Wracam na wewieś, nie żebym się jakoś szczególnie śpieszył ale wracam.
Lapek jest martwy na amen, nie wykluczam co prawda, że wezmę ze sobą jakiegoś starego trupcia co gnije w szafie, ale i nie potwierdzam.
Ma niby padać cały tydzień, jednak porządki wielkie czas zrobić w szafkach z narzędziami i w ogóle.
Na wewsi około 20:30 zwykle zaczynam ciężko lewitować i zasypiać snem kamiennym, wstaje za to około w pół do piątej. Tak, tak, 4:30 wstawanko a o piątej już jestem po śniadaniu, żywot naturalny można rzec.
z kurami chodzenie spać i wstawanie ma swoje bezpośrednie połączenie z organem odpoczynku
podróżując po rumunii takie szczęście wypoczęcia nad dopadało wraz z cyklem słonecznym
no i bez spraja nie ma szans ... jadę dziś do miasta, może w mieście się czegoś dowiem
Kilkanaście wierceń pod kołki dalej.
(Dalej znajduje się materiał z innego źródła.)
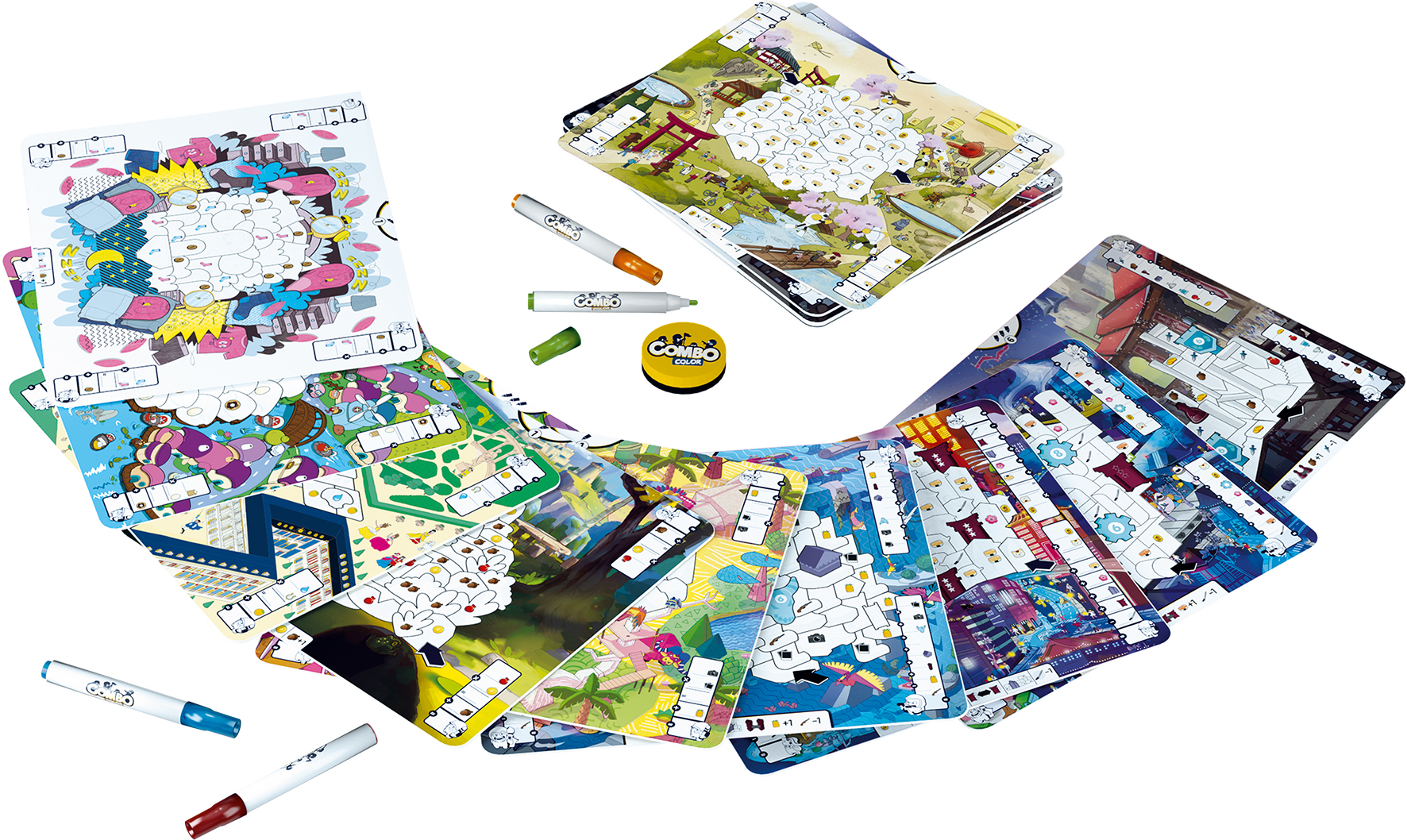 Le jeu est composé de cartes « plateaux » réversibles et effaçables.

Kilkanaście listew założonych... pora na piwo :)
https://www.youtube.com/watch?v=GOffk1G6OX8
I chór - Weź laptopa!
Zaletą jest brak zalet :)
Powróciwszy z Hanem Solo od pani weterynarz. Głosu nadal nie odzyskał i chrypi jak moja lodówka ale zdrów poza tym jest cały. Dostał proszka sprawnie podanego... mnie czeka jutro i pewnie zostanę opluty.
Tak może mówić, tylko ktoś, kto nigdy nie stanął naprzeciwko 200 głodnym mordom.
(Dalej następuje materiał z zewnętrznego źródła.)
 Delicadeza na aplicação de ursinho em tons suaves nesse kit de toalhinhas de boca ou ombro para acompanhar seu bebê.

Hordę karmi się z użyciem, dużej ilości sprzętu, towaru i ludzi. To tak w skrócie. A potem sprząta się pozostawiony syf.
Sprzęt się zgadza, ludzie się zgadzają ale z L4D wyniosłem, że hordę karmi się ołowiem :)
Tadam!, Skończyłem kłaść listwy. Zajęło mi to pięć lat planowania i trzy dni roboty. Chyba teraz zrobię poręcz :P
Jestem wolny od remontów, póki co. Muszę tylko w przyszłym tygodniu, wywieźć nadmiar mebli z nowego mieszkania.
Kanonu, o to, to! Taki jest właśnie mój schemat poruszania na dziś i jutro, mamy dyspensę na pracę z domu :)
A remontu jak nie było, tak nie ma. Łazienka i przedpokój są ciągle w takim stanie, jak przy kupnie mieszkania, ciekawe za ile lat się uda to ruszyć...
faktycznie ... w niedzielę, będę jęczał, że już chcę poniedziałku
malowanie, szpachlowanie i inne pierdolenie
Cześć smokaci
Byłem pojechany na wewsi.
Uśmiejecie się, zabrałem ze sobą jakiegoś starego kompa, wszystko byłoby OK, gdybym.
Gdybm zabrał ze sobą kable.
- Co dzisiaj robimy? - zapytał troll
- Dzisiaj robimy poręcze - odparł mądrze gnom - Magiczne poręcze!
– Czy one są złe, te olbrzymy? – zapytałem ostrożnie, podczas gdy szliśmy w dół rzeki.
– Tak – odparł Fredrikson. – Ale nadeptują się tylko przez pomyłkę. I potem przez tydzień płaczą. Pokrywają też koszty pogrzebu.
Olbrzymy dobre są, nad wyraz.
Witamy kolejny dzień radością, muzyką i tańcem.
https://www.youtube.com/watch?v=UHODx7Kzf0c
Ze wszystkich sił we wszechświecie najtrudniej jest przezwyciężyć siłę przyzwyczajenia. Siła przyciągania to przy niej pryszcz.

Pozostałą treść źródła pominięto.